Funk was quite heated in his remarks about Schacht. He said further that Schacht was a man who was personally ambitious, in contrast to himself, who was never ambitious. Schacht lacked loyalty and would be on any winning side, he said. As for Schacht’s assertion in his testimony that had he, Schacht, been finance minister at the time of the great anti-Jewish actions of November 1938, they would not have taken place, Funk was scornful. “As I said on the stand the other day, if Schacht could have prevented those things, the anti-Jewish measures, he was more powerful in the party than I was. But the things which led up to those measures, and the necessity for my issuing such orders, which in a sense protected what little rights the Jews had, were they not born in the economic program which Schacht, not I, started?”

I asked him why, then, if he recognized the evil therein, did he accept, and continue until the very end, the wrongs that Schacht had conceived? “At that time there was no thought of atrocities and it is in retrospect only that I see — anyone can see — the beginning of these anti-Jewish economic measures were in Schacht’s time.”

I shuffled through the transcript pages of cross-examination by Mr. Dodd. I had marked certain passages about which I wanted Funk’s comments. On one occasion Dodd asked Funk if he had been making economic plans for a war against Poland more than a year before war started. Funk had replied that he didn’t know, and that he could not remember. Then the court presented a speech of Funk’s in October 1939 saying that his ministry had been secretly planning Germany’s economic preparation for war. Funk had answered it finally by admitting the statement, but said that it had not referred to a specific war against Poland, but any war. Funk now commented: “Well, what could I say? Naturally war was in everyone’s mind. Preparations for a war were our main concern because of Hitler’s driving such hard bargains. We wanted to be
prepared. Because Hitler was relentless. He would go on and on, and we thought he would get away with it. But to be prepared for a possible war was only sensible. But that is not the same as saying I prepared secretly economically or otherwise for a war with Poland for a year before the war.”

I remarked that actually what it amounted to was a statement to the effect that for a year he did prepare secretly for war. Again Funk repeated that he said a lot of things for public consumption which were for propaganda purposes. Actually he had made no preparations, and not against Poland at any rate. “It was not against any country in particular. It was to ensure our economic life in event of a war. That could be done by any minister of economics in any land. But I don’t deny and haven’t denied in court that the direction of our foreign policy was so strenuous, and false, that a war could be expected even a year before it occurred. So I had to be prepared.”
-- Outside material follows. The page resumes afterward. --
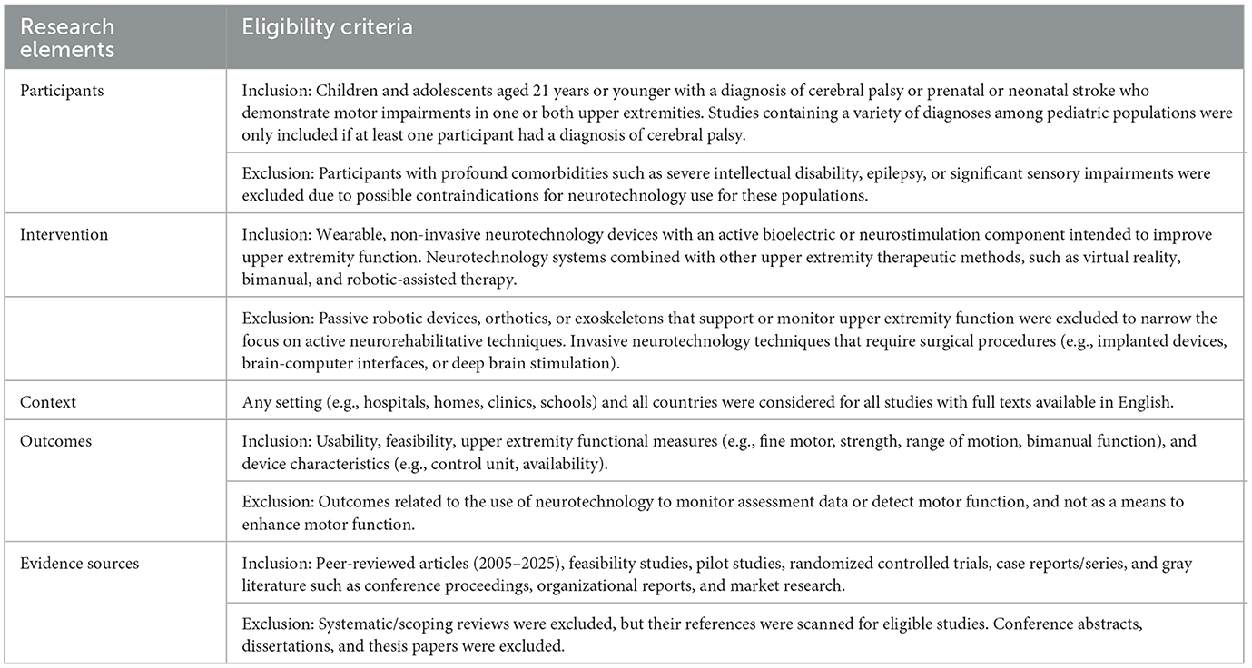 Methods: This review followed the JBI Scoping Review Methodology and PRISMA-ScR guidelines. Four electronic database sources, MEDLINE, Scopus, CINAHL, and PsycINFO, were systematically searched to identify studies on wearable neurotechnology devices for upper extremity rehabilitation in children with cerebral palsy. Included studies consisted of journal articles published from January 2005 to June 2025, with full texts available in English and relevant gray literature sources. Data were extracted on neurotechnology characteristics, regulatory status, intervention protocols, and outcome measures.

We then went on to Dodd’s important questions regarding the gold in the Reichsbank. Here Funk began to walk up and down the cell. I said that if he preferred, we should cut off this interview; that all I wanted was his psychological reactions to the matters, and my purpose was far from conducting a review of the cross-examination. “Surely go on, it is very nice to have company. I just feel better with my bladder if I walk a bit. If you don’t mind. It also helps me to think clearly. That was one trouble on the stand. I had to sit there and answer important questions and half the time I had a feeling to urinate.” Funk smiled.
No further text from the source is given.